• EXERCISE INPUTS:
((

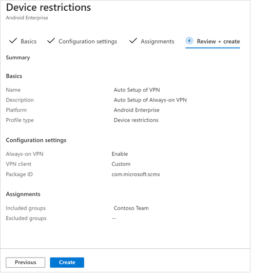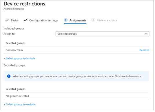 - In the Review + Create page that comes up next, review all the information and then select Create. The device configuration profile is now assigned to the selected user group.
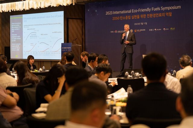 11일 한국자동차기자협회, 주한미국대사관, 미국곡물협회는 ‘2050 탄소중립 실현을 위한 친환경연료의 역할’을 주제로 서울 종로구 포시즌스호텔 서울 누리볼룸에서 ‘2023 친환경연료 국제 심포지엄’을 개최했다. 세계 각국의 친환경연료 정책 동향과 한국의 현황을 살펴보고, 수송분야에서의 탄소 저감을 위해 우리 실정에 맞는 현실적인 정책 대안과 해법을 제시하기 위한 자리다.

))
((

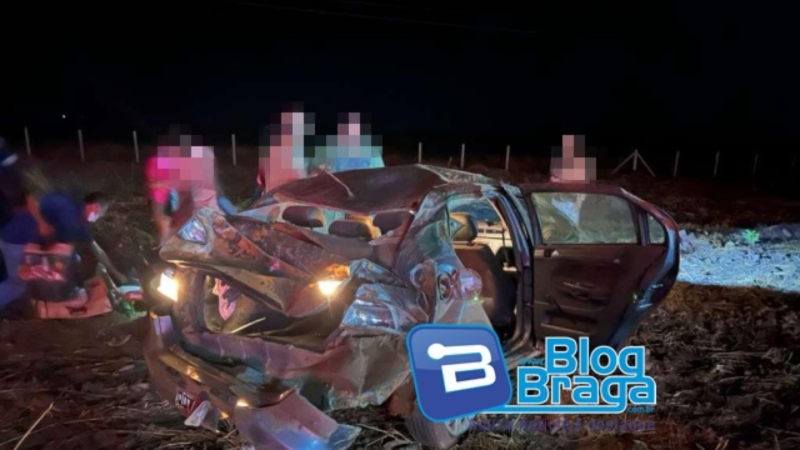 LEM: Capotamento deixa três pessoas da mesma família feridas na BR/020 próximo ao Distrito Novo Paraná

))

• TASK INSTRUCTIONS: Looking above, find the stretch of lines that opens with the one holding "- In the Review" and closes with the one holding "11일 한국자동차기자협회, 주한미국대사관, 미국곡물협회는". Copy it exactly, pictures excluded.

• YOUR SOLUTION:
 - In the Review + Create page that comes up next, review all the information and then select Create. The device configuration profile is now assigned to the selected user group.
 11일 한국자동차기자협회, 주한미국대사관, 미국곡물협회는 ‘2050 탄소중립 실현을 위한 친환경연료의 역할’을 주제로 서울 종로구 포시즌스호텔 서울 누리볼룸에서 ‘2023 친환경연료 국제 심포지엄’을 개최했다. 세계 각국의 친환경연료 정책 동향과 한국의 현황을 살펴보고, 수송분야에서의 탄소 저감을 위해 우리 실정에 맞는 현실적인 정책 대안과 해법을 제시하기 위한 자리다.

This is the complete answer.